:: Task requirements ::
Your answer must be the exact lines of the listing below that run from the line with "From Figure 7c, it" to the line with "整个项目周边山水环绕,呈四水", ends included, and no pictures.

:: Data for the task ::

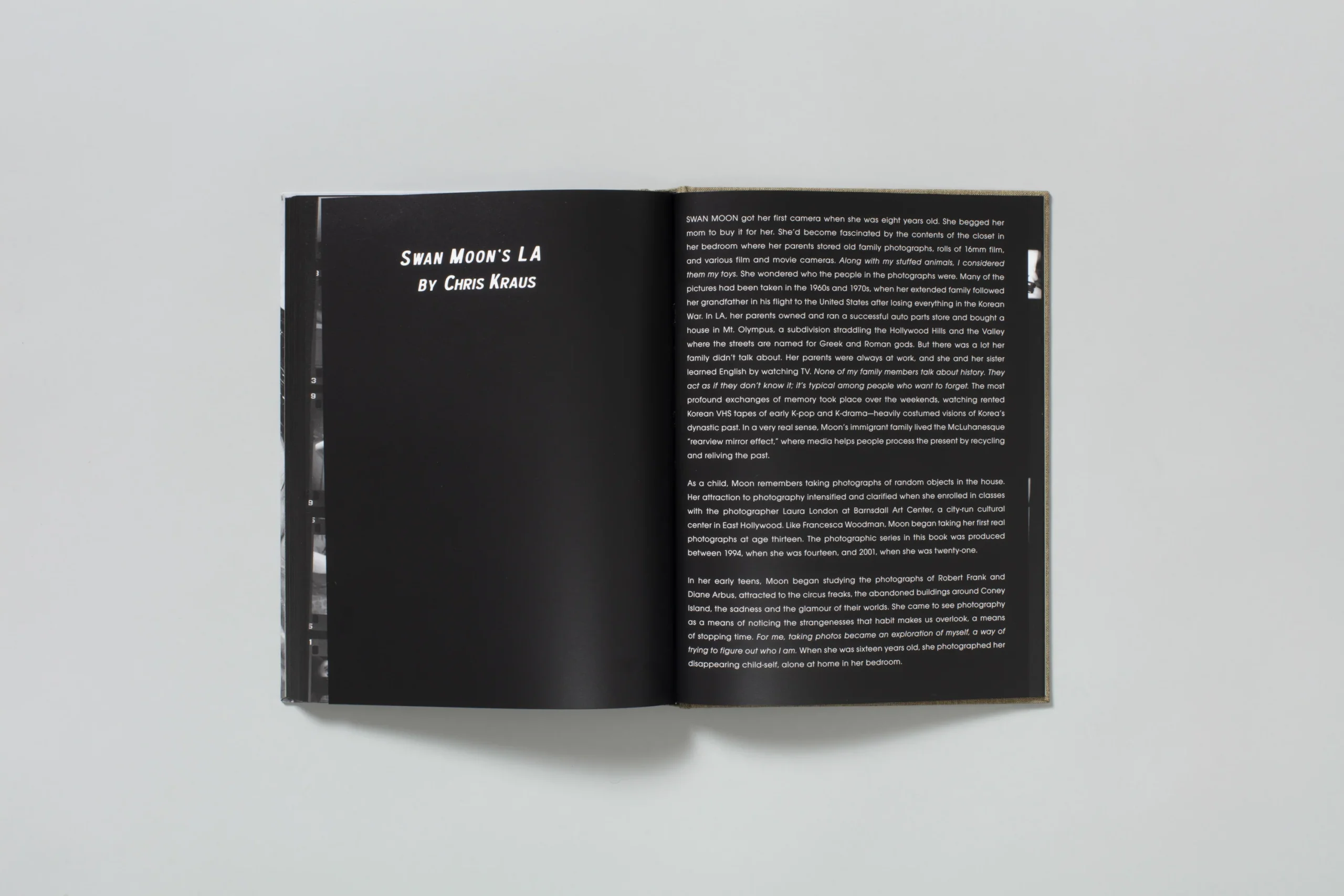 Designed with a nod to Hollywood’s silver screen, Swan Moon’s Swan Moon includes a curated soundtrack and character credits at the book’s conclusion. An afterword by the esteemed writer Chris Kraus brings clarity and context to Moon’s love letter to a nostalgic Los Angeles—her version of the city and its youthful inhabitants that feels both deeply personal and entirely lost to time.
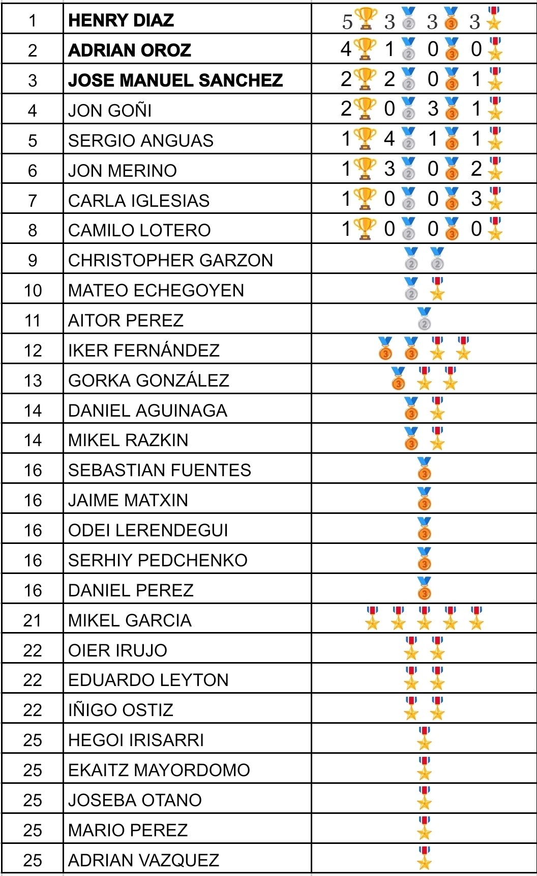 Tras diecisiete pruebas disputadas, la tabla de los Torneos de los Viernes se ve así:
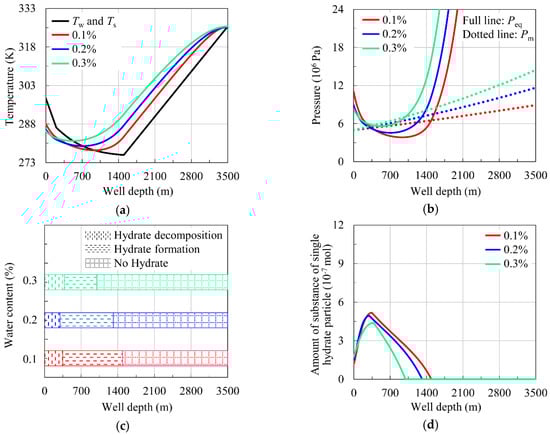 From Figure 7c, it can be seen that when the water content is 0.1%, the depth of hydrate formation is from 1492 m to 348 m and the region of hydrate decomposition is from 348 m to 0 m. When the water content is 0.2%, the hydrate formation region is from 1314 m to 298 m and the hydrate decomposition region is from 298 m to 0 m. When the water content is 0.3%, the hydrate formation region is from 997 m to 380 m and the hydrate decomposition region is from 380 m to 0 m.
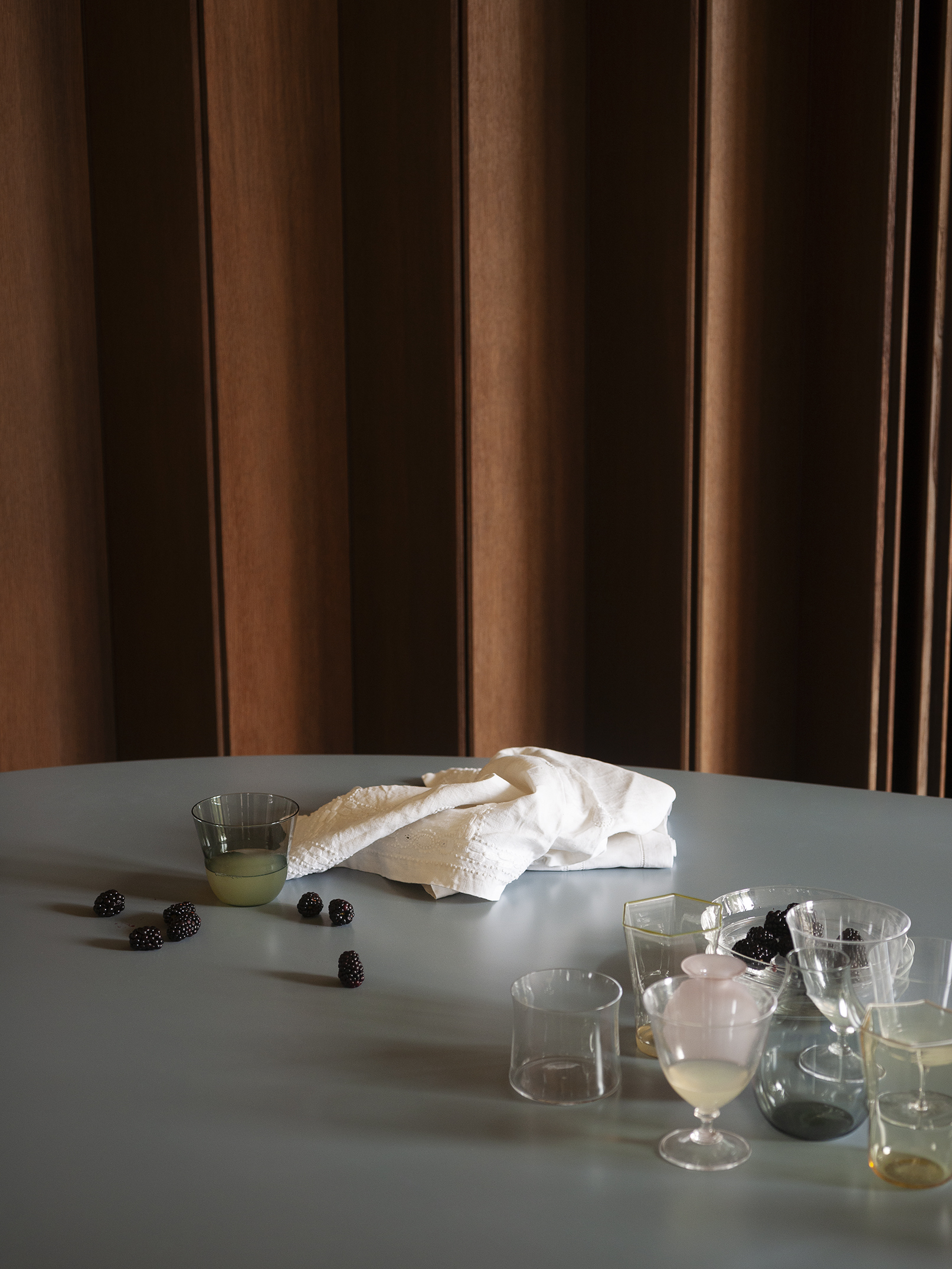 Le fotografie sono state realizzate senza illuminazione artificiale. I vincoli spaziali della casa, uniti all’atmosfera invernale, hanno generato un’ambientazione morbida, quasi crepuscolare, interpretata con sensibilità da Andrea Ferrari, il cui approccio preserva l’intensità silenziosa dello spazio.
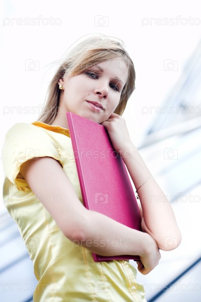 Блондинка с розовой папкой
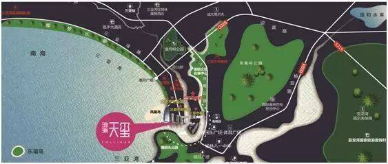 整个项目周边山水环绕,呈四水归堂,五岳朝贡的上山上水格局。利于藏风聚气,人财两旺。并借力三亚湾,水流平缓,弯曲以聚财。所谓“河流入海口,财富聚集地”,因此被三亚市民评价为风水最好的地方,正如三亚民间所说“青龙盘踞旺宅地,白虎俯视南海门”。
---
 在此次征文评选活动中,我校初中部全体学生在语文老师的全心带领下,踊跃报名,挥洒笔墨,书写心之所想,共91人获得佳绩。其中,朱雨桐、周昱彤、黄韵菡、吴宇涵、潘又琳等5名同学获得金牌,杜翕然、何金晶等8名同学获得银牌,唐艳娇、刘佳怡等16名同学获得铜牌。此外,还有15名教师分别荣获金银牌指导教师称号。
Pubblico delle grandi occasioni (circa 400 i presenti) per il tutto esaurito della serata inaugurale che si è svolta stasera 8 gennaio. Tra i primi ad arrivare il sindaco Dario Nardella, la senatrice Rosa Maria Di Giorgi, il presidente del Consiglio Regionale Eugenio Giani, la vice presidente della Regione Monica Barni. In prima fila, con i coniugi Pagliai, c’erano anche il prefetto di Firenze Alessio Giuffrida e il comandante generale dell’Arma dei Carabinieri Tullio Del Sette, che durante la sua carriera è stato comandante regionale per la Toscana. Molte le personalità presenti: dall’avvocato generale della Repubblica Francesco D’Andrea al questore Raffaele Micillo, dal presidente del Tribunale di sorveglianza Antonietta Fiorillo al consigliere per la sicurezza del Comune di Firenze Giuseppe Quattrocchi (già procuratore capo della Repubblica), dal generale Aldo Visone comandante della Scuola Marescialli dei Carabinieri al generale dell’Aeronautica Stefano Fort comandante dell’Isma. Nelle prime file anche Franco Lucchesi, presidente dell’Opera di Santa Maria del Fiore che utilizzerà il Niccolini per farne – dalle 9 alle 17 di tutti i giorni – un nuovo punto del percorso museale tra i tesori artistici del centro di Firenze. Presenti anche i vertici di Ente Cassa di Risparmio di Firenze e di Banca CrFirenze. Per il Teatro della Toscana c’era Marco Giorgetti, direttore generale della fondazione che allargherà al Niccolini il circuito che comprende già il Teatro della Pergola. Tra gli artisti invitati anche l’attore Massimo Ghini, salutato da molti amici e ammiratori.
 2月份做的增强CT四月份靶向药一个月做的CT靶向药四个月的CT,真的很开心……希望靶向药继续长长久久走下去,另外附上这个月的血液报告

:: Task response ::
 From Figure 7c, it can be seen that when the water content is 0.1%, the depth of hydrate formation is from 1492 m to 348 m and the region of hydrate decomposition is from 348 m to 0 m. When the water content is 0.2%, the hydrate formation region is from 1314 m to 298 m and the hydrate decomposition region is from 298 m to 0 m. When the water content is 0.3%, the hydrate formation region is from 997 m to 380 m and the hydrate decomposition region is from 380 m to 0 m.
 Le fotografie sono state realizzate senza illuminazione artificiale. I vincoli spaziali della casa, uniti all’atmosfera invernale, hanno generato un’ambientazione morbida, quasi crepuscolare, interpretata con sensibilità da Andrea Ferrari, il cui approccio preserva l’intensità silenziosa dello spazio.
 Блондинка с розовой папкой
 整个项目周边山水环绕,呈四水归堂,五岳朝贡的上山上水格局。利于藏风聚气,人财两旺。并借力三亚湾,水流平缓,弯曲以聚财。所谓“河流入海口,财富聚集地”,因此被三亚市民评价为风水最好的地方,正如三亚民间所说“青龙盘踞旺宅地,白虎俯视南海门”。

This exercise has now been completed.